● **Activity**
Repeat the data exactly, leaving out any image.

● **Provided material**
########

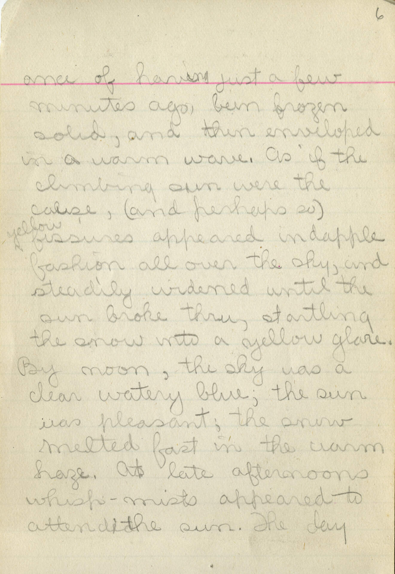 [inscription reads] " ance of having just a few minutes ago, been frozen solid, and then enveloped in a warm wave. As if the climbing sun were the cause, (and perhaps so) yellow fissures appeared in dapple fashion all over the sky, and steadily widened until the sun broke thru (sic), startling the snow into a yellow glare. By noon, the sky was a clear watery blue; the sun was pleasant; the snow melted fast in the warm haze. At late afternoons whisp-mists appeared to attend the sun. The day "
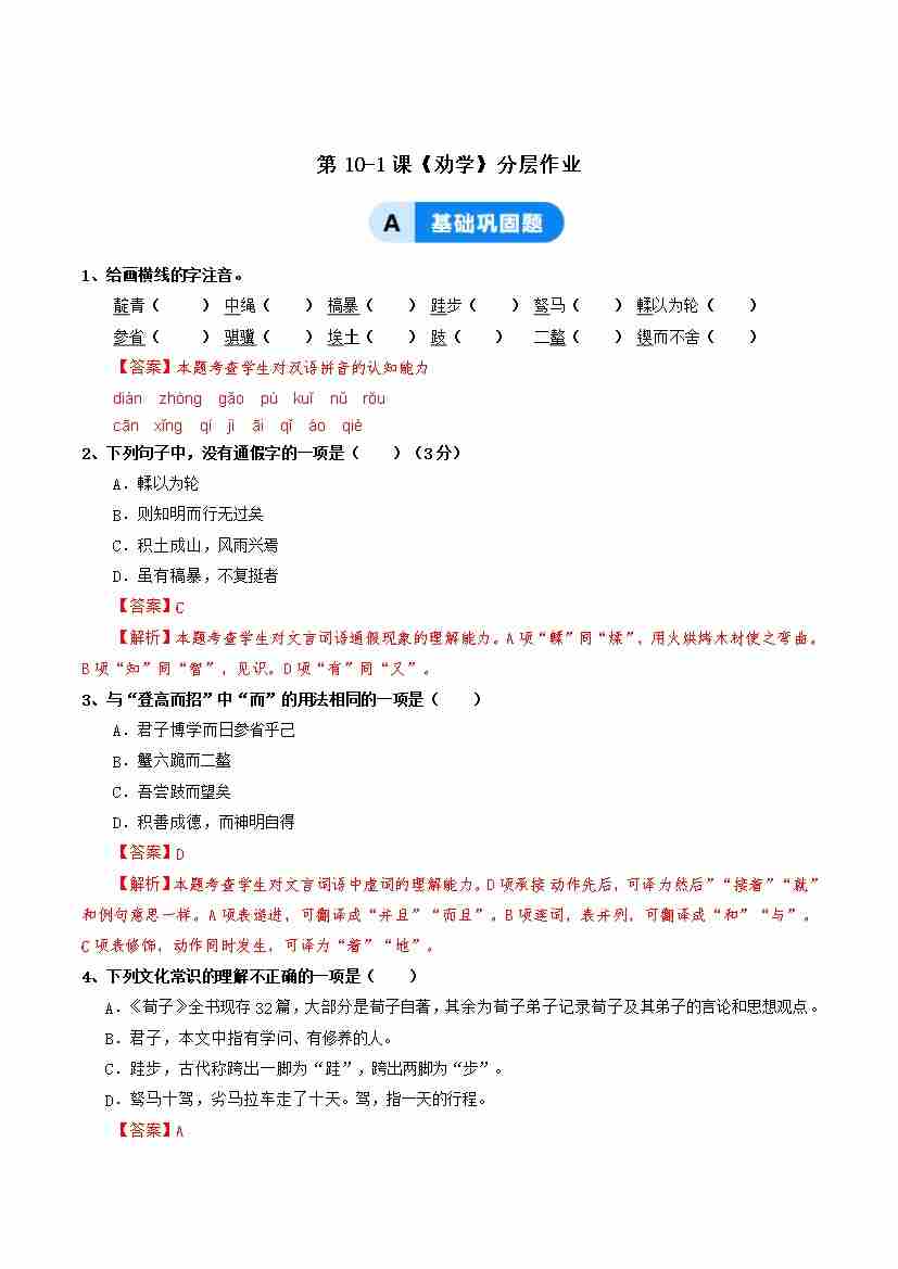 10-1《劝学》:悟学习之道 闻圣贤之训(主题任务式分层作业)(解析版)
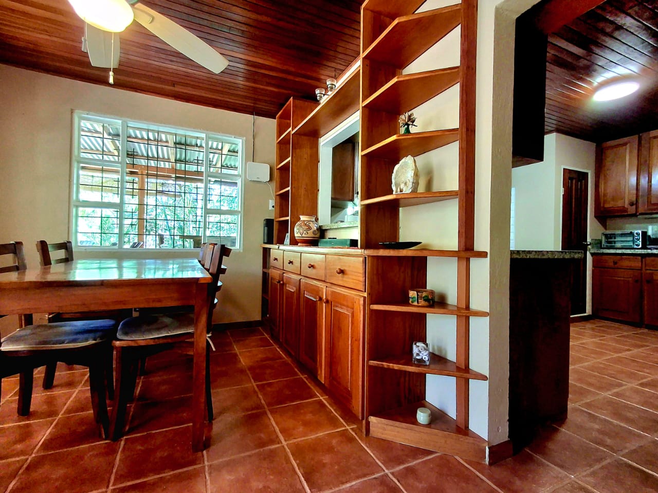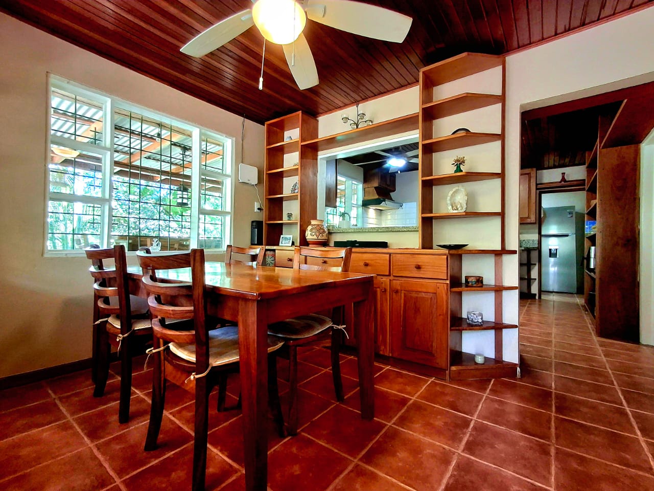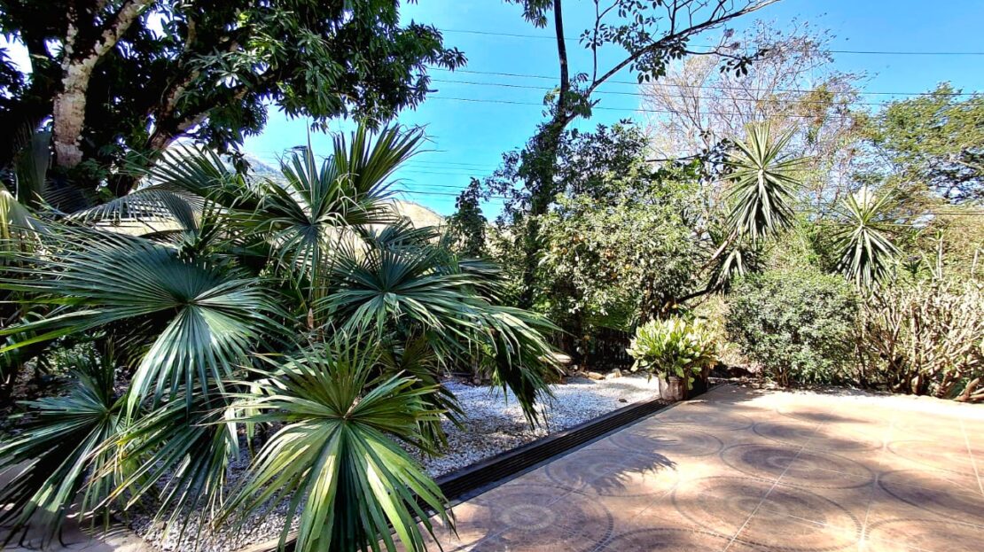 Inside, the home offers a comfortable and practical layout. The dining area connects directly to the kitchen through an open pass-through, and the spacious, fully equipped kitchen enjoys a beautiful view of the surrounding greenery. Two guest bedrooms are located on the right side of the house and share a bathroom. At the back of the home, the master bedroom offers privacy, an ensuite bathroom, and direct access to a terrace through large windows or a private door.
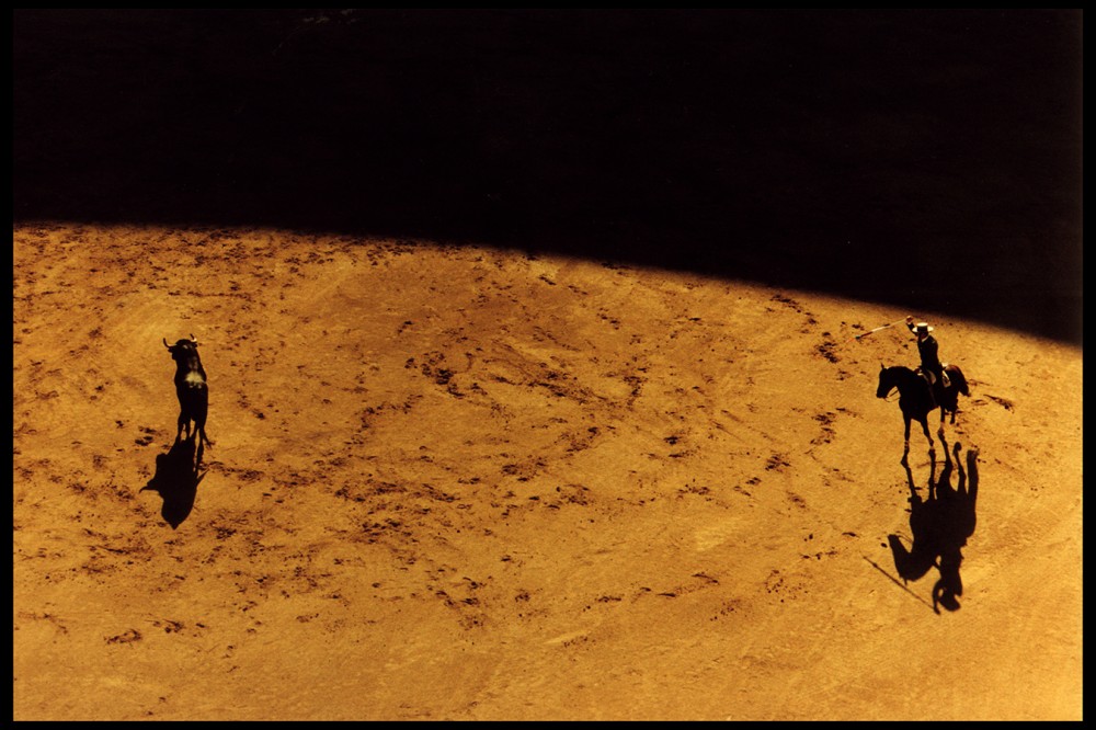 At the Las Ventas bullring in Madrid. The arena was clearly divided in light

########

● **Result of this task**
 [inscription reads] " ance of having just a few minutes ago, been frozen solid, and then enveloped in a warm wave. As if the climbing sun were the cause, (and perhaps so) yellow fissures appeared in dapple fashion all over the sky, and steadily widened until the sun broke thru (sic), startling the snow into a yellow glare. By noon, the sky was a clear watery blue; the sun was pleasant; the snow melted fast in the warm haze. At late afternoons whisp-mists appeared to attend the sun. The day "
 10-1《劝学》:悟学习之道 闻圣贤之训(主题任务式分层作业)(解析版)
 Inside, the home offers a comfortable and practical layout. The dining area connects directly to the kitchen through an open pass-through, and the spacious, fully equipped kitchen enjoys a beautiful view of the surrounding greenery. Two guest bedrooms are located on the right side of the house and share a bathroom. At the back of the home, the master bedroom offers privacy, an ensuite bathroom, and direct access to a terrace through large windows or a private door.
 At the Las Ventas bullring in Madrid. The arena was clearly divided in light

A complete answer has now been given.